Render mode 3 means the textual content is drawn invisibly: a layer that OCR software program locations beneath the web page picture so the scan turns into searchable. The textual content is there, however solely as hidden characters. Distinguishing render mode 3 from native textual content issues: it’s the solely dependable solution to know whether or not a scanned web page already has a usable searchable layer or must be re-OCR’d.

Going additional: When typography varies inside a single line (a daring phrase in the course of a sentence, a coloured heading, a rotated label), capturing it requires taking place to the span degree. We introduce span-level extraction in part 3 of this text, as a result of some downstream phases (heading detection, itemizing aggregation throughout lengthy solutions) want it.

2.2. Photographs and full-page protection

Photographs come second as a result of they usually include textual content or crucial visible info that the RAG pipeline would in any other case lose. Logos establish the issuing celebration. Schematics describe techniques. Images doc proof. Tables exported as photographs carry knowledge.

For every embedded picture we report its displayed bounding field (in PDF factors), its intrinsic dimensions (in pixels), and a content material hash for deduplication. The picture can be extracted and persevered (S3 or native storage) so downstream phases can course of it.

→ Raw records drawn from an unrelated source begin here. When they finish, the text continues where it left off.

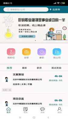 职派招聘APP是北京众巢科技有限公司推出的创新招聘平台,致力于为求职者和企业提供高效便捷的对接服务。与传统招聘软件不同,该平台首创15秒短视频求职功能,让求职者通过简短视频快速展示个人优势,同时推出"面试有奖"机制,为参与面试的求职者提供现金奖励。平台依托800万海量简历数据库和智能算法,实现人才与岗位的精准匹配,大幅提升招聘效率。无论是求职者寻找理想工作,还是企业招募合适人才,职派招聘都能提供专业、智能的一站式解决方案。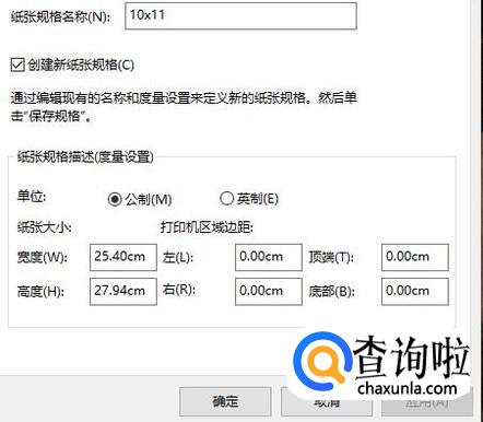 然后进入到打印机的属性后,下面还有创建新纸张规格选择规定的尺寸就好了。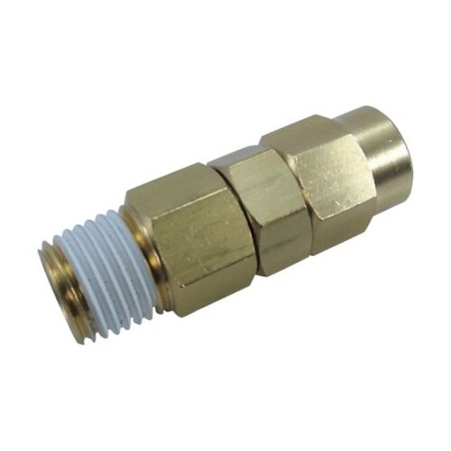 袋ナットによる締め込み式ですのでホースバンド等による締め付けより確実です。ホース内空気流量を最大限活用できる構造です。シール加工(Rねじ部)。 |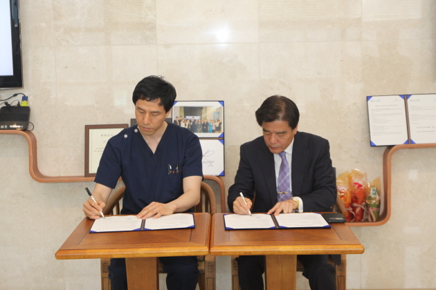 김성일 대표원장과 최석우 대표회장이 의료협약서에 서명하고 협약이 이루어졌음을 공포했다.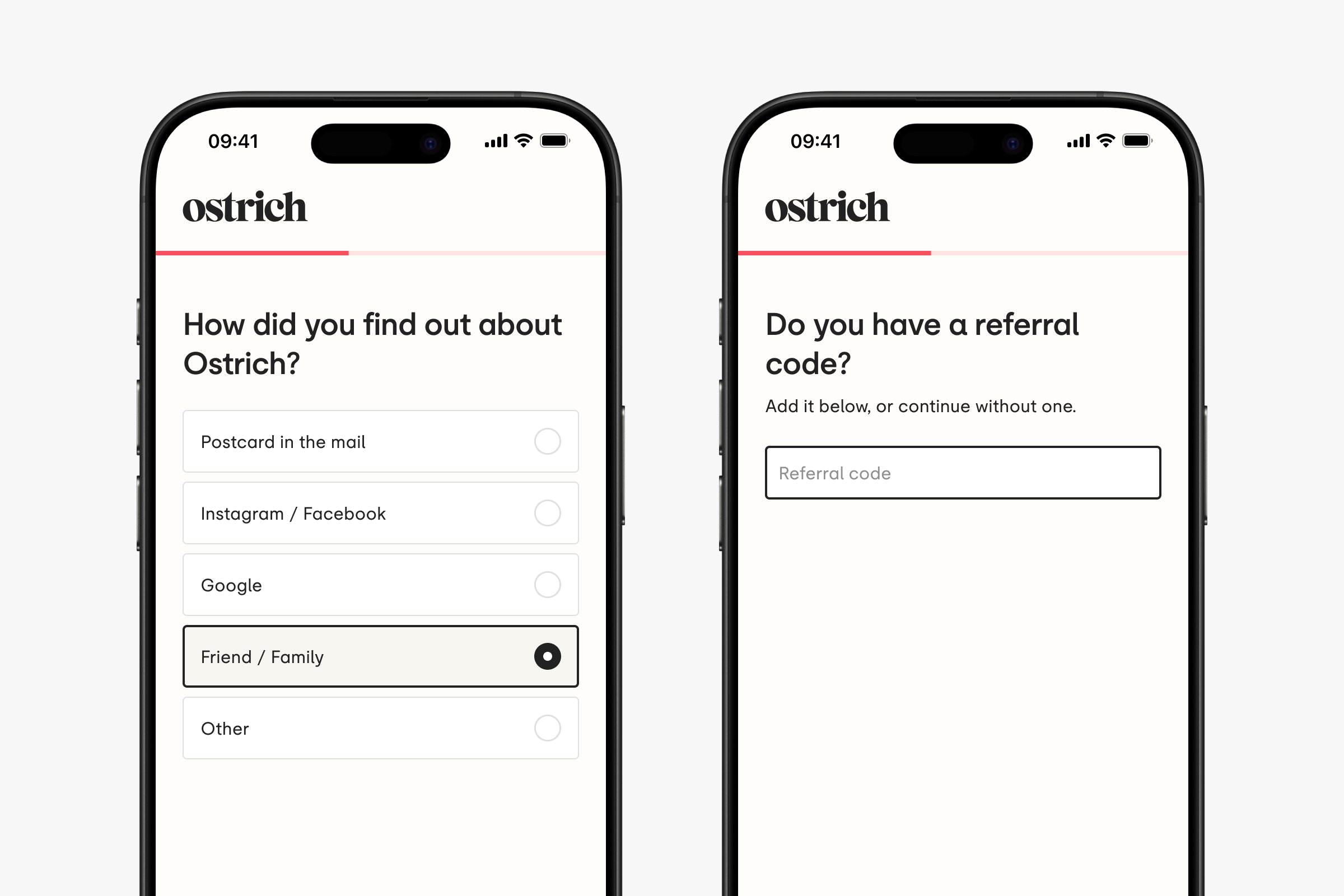 Share your personal referral code with your friend. You can find this in your Ostrich account.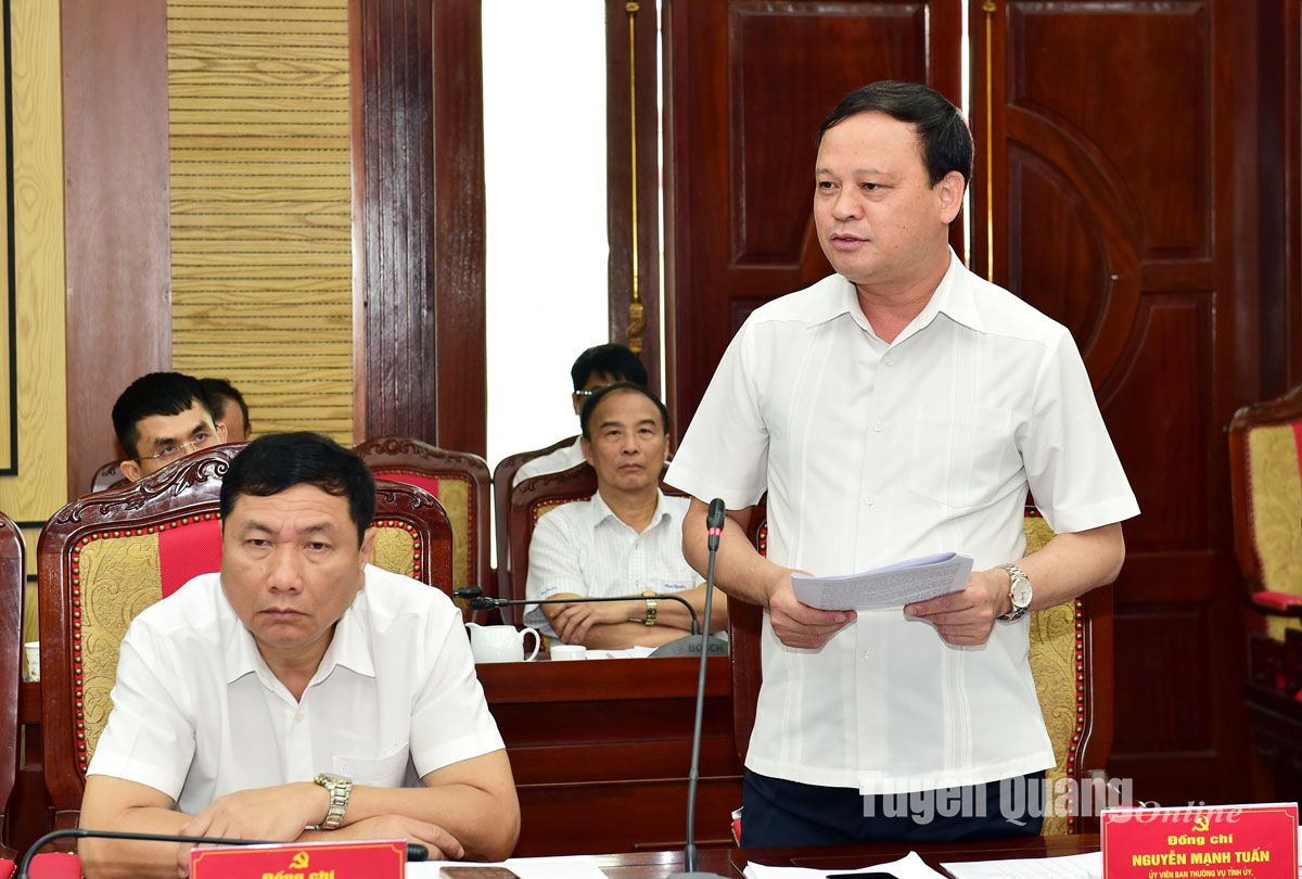 Đồng chí Phó Chủ tịch Thường trực UBND tỉnh Nguyễn Mạnh Tuấn phát biểu thảo luận.

A standard pitfall: web page.get_images() returns the intrinsic dimensions of every picture, not the world displayed on the web page. To compute true protection, use web page.get_image_info(), which returns the bounding field in PDF factors as rendered.

page_area = web page.rect.width * web page.rect.peak
max_coverage = 0.0
for information in web page.get_image_info():
    bbox = data["bbox"]
    img_area = (bbox[2] - bbox[0]) * (bbox[3] - bbox[1])
    max_coverage = max(max_coverage, img_area / page_area)
has_full_page_image = max_coverage >= 0.95

A web page the place one picture covers ≥ 95% of the floor is, with very excessive chance, a scanned web page. The 95% threshold is empirical: it tolerates the small margins a scanner provides across the web page edge with out catching pages that legitimately use a big hero picture inside a structure. Values from 90% to 99% all work in observe; tighten the edge in case your corpus has many full-bleed cowl pages, loosen it if scanners crop tightly.

2.3. Vector tables

Tables don’t chunk like working textual content. Naive linearization destroys cell semantics. The parsing stage flags their presence and placement; the precise structured extraction occurs in a follow-up adaptive-parsing cross that escalates to a layout-aware engine when fitz’s row guess seems unreliable.

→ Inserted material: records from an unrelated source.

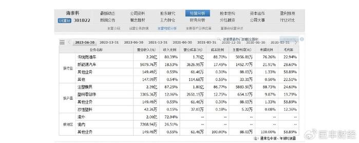 截至2023年6月30日,按行业来看,传统燃油车营业收入为2.20亿,收入比例为80.39%;新能源汽车营业收入为5079.76万,收入比例为18.53%。按产品来看,注塑模具营业收入2.39亿,收入比例为87.25%;塑料零部件营业收入为3305.36万,收入比例为12.06%。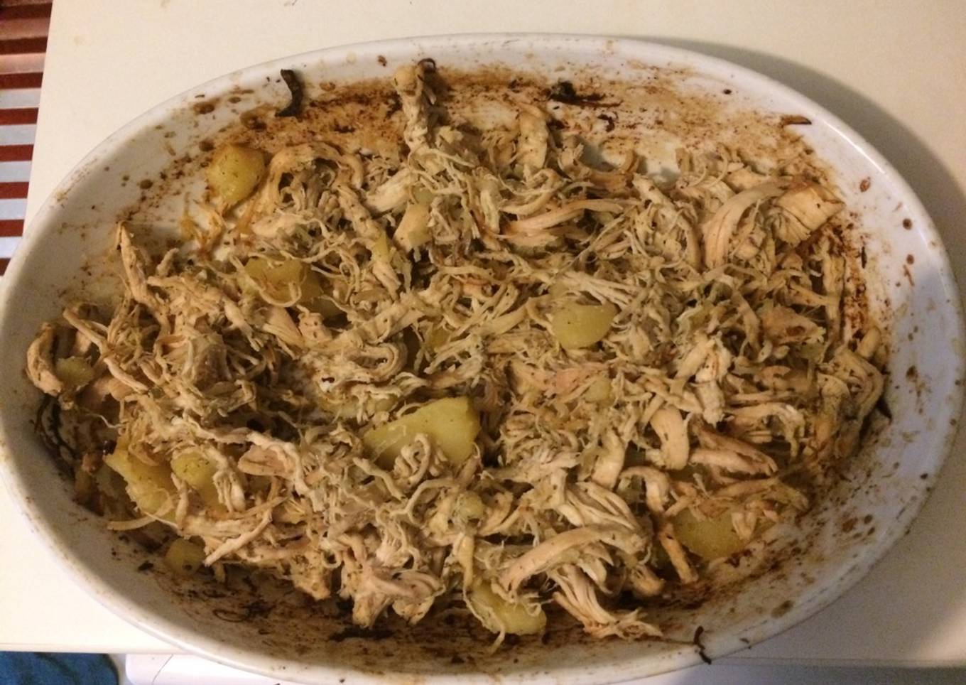 - Pela las papas y cortalas en rodajas no muy finas colócale una pisca de sal y ajo en polvo añade un poco de agua con la que hicistes hervir las pechugas también un poco de aceite de oliva extra virgen y colócalas al horno con temperatura media.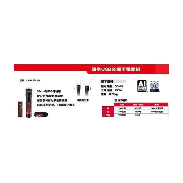 Milwaukee 美沃奇南慶五金 含稅 美沃奇 MILWAUKEE 米沃奇 隨身USB金屬聚光手電筒組L4TMLED-201 L4 TMLED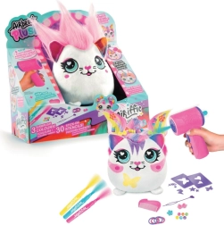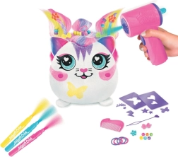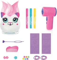 V tem edinstvenem setu boste našli plišasta z lasmi, baterijski airbrush pripomoček, tri flomastre in trideset šablon za neomejene možnosti okraševanja. Po pranju po navodilih lahko začnete znova in ustvarite nov dizajn.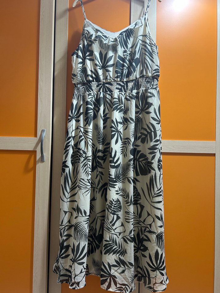 Kolsuz, straplez, bol kesim ve drapeli uzun elbise. Bej renkli, gri yaprak desenli sentetik kumaştan, günlük kullanıma uygun.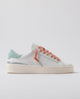 - Tomaia in pelle e suede bianca con cracklé bianco, dettagli in lamina turchese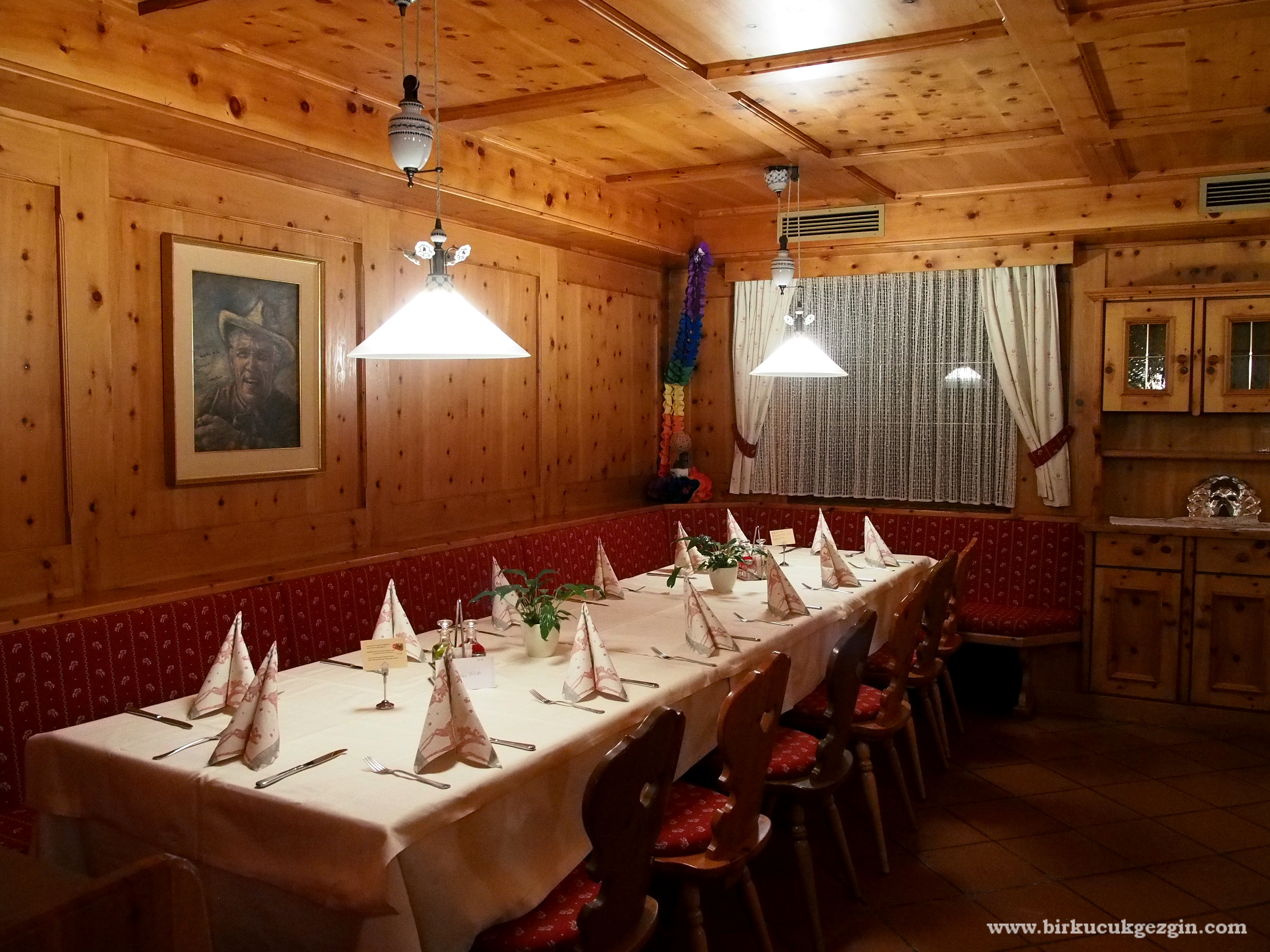Tripavisor’ın değil ama Val Gardena’da denediklermiz arasında gönlümüzün birincisi bu mekan oldu. Hatta geçen sefer keşfetmediğimiz için hayıflandık. Kalabalık grup olunca ve iki akşam yemeğini burada yiyince etlerden, pizzalara hemen hemen herşeyin tadına baktık ve hepimiz de çok beğendik. Üzerinde acı badem kurabiyesi kırıntıları olan balkabağı çorbası ise hem farklı olması hem de lezzetiyle aklımda yer etti.

PyMuPDF (since 1.23) detects vector tables, these constructed from drawn strains mixed with native textual content, through web page.find_tables(). The decision returns a TableFinder object whose .tables listing has one entry per detected desk: tables = web page.find_tables(); n_tables = len(tables.tables).

For scanned tables rendered as photographs, find_tables() gained’t hearth. Detection in that case requires visible instruments (Camelot, Docling, PaddleStructure), past this text’s scope.

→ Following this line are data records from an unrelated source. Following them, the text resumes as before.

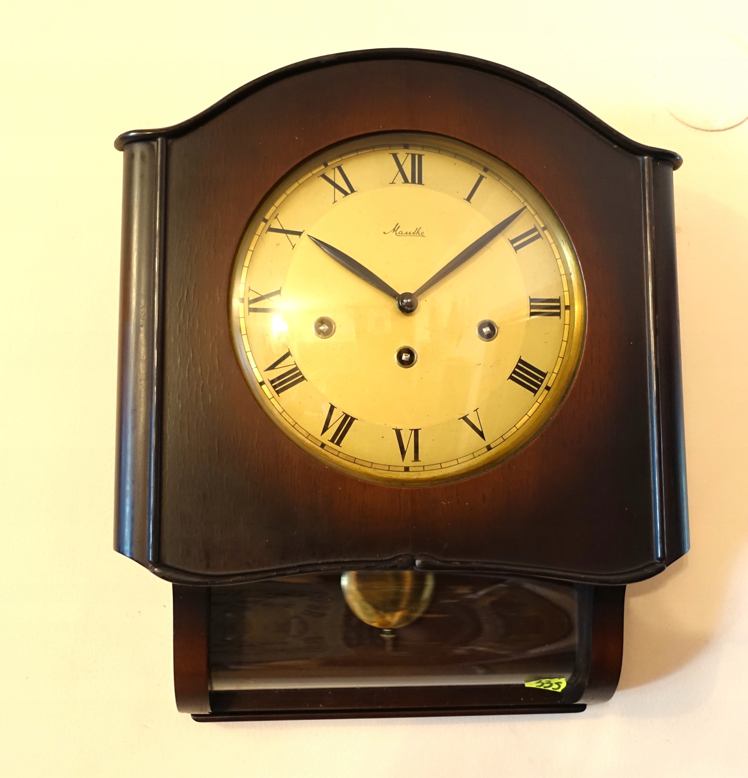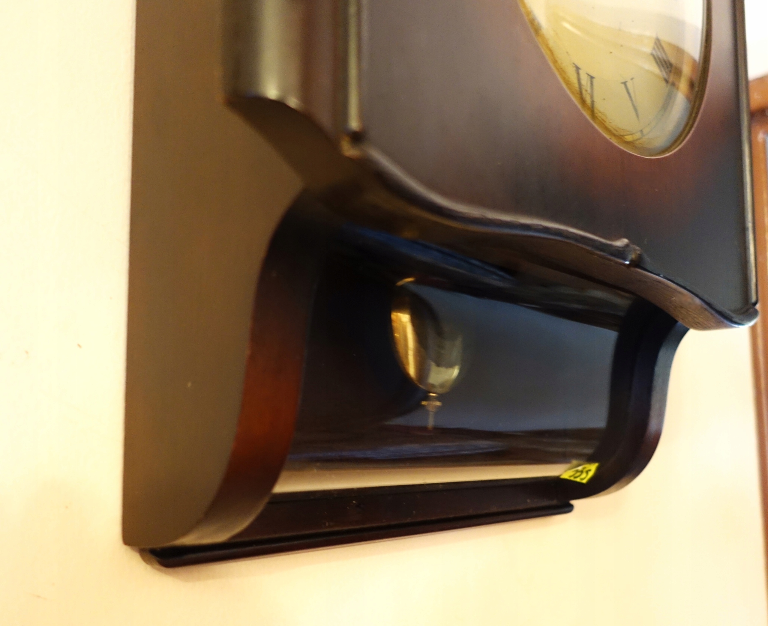 В интересной форме, деревянный в темно -коричневом цвете. Нижняя часть коробки обучена, что позволяет наблюдать за работой маятника. Сундук сохранился в хорошем состоянии, без следов коры жуков.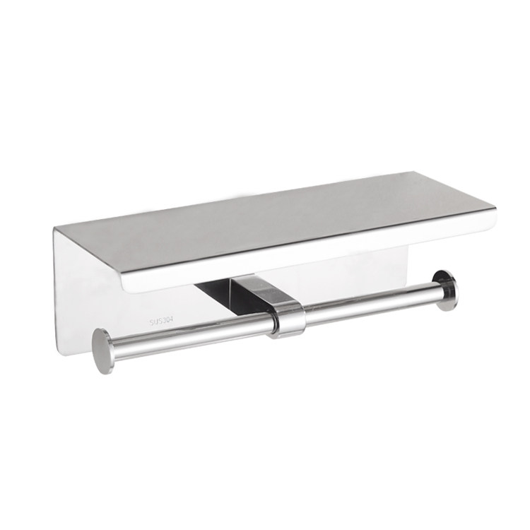 304 stainless steel double tissue holder Powder room toilet paper holder Bathroom mobile phone storage toilet paper holder without hole roll toilet paper holder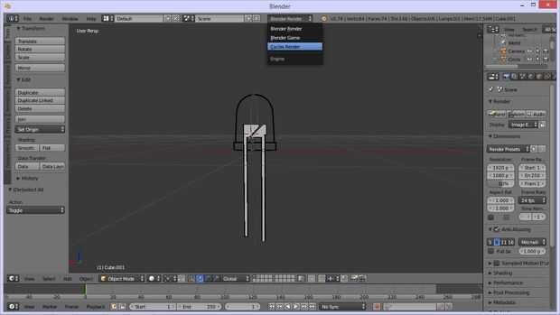 Ahora que todo está hecho, es hora de agregar materiales y colores. Hay diferentes formas de color en la licuadora, que vamos a utilizar los ciclos de procesamiento. En el centro de la ventana, debe haber un menú desplegable, asegúrese dice "Representar ciclos"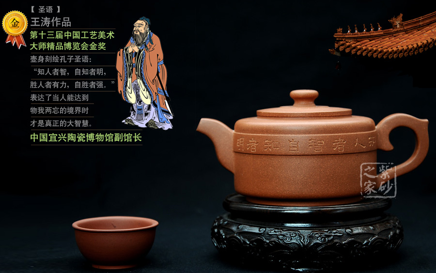 壺身刻繪孔子圣語(yǔ):“知人者智,自知者明,勝人者有力,自勝者強(qiáng)。”表達(dá)了當(dāng)人能達(dá)到物我兩忘的境界時(shí)才是真正的大智慧。

2.4. Columns: left, proper, single, multi

Column detection is tough. Two-column layouts break the naive studying order: a analysis paper parsed with out column consciousness returns line 1 of column 1, then line 1 of column 2, then line 2 of column 1, and so forth, splicing sentences from totally different columns into noise. Three or extra columns make each cheap heuristic shaky.

The pragmatic transfer is to annotate every line with the place it sits horizontally slightly than attempt to get well an ideal studying order. We add a column_position area to line_df with 4 values:

single: the web page has one column.
left / proper: the web page has two columns; the road falls in a single or the opposite.
multi: the web page has three or extra columns; we flag it as an alternative of guessing.

The detection clusters the left edge of every line alongside the x-axis: in line_df that edge is bbox_x0, the x coordinate the place the road begins. A web page the place each line begins in roughly the identical horizontal band is single-column. A web page with two clear bands is two-column, and we break up strains by which band they fall into. The Consideration paper’s web page 4 will give us the actual numbers in part 4.2: x0 ≈ 148 for the left column, x0 ≈ 364 for the best one.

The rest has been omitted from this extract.